- _Directions_
Please tally every line in the listing below where the word "second" appears, then give the number and nothing more.

- _Extracted material_
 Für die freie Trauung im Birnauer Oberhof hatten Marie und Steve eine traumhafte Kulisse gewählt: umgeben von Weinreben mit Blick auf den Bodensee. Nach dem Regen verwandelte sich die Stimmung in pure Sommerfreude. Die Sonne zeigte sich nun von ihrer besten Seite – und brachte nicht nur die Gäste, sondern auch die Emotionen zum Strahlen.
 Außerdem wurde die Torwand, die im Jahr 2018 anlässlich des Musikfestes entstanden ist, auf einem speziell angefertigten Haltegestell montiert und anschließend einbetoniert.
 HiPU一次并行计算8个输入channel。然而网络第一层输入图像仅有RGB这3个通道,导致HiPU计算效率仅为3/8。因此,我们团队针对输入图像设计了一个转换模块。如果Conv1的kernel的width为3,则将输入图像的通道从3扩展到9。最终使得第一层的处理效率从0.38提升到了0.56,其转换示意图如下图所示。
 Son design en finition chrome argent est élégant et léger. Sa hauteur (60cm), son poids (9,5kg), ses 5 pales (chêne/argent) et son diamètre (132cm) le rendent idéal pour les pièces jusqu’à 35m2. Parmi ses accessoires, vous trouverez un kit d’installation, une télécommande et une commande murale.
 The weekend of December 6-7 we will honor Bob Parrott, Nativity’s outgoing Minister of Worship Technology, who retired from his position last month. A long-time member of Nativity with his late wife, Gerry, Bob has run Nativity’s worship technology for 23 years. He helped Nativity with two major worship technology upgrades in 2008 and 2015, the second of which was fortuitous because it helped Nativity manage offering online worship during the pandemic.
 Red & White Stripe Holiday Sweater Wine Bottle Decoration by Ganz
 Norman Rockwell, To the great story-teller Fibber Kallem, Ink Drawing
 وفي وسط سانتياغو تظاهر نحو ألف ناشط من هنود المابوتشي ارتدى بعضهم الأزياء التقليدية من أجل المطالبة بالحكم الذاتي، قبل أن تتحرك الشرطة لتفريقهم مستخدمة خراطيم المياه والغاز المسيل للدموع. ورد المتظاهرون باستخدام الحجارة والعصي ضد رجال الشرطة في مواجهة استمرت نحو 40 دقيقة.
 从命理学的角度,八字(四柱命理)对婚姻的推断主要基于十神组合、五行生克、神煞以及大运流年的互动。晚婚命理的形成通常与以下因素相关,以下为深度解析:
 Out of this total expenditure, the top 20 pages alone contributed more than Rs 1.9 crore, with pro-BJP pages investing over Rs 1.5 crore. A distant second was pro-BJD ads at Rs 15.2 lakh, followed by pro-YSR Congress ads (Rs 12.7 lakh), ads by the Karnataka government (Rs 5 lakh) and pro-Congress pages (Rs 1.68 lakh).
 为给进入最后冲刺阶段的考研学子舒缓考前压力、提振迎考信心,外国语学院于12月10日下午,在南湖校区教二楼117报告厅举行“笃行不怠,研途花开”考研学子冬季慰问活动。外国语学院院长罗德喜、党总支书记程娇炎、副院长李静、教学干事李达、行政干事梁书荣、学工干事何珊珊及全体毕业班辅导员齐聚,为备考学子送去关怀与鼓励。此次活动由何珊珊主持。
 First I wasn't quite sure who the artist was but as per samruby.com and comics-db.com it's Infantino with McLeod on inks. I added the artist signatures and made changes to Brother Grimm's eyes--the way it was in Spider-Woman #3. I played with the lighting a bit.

- _Reply to the task_
2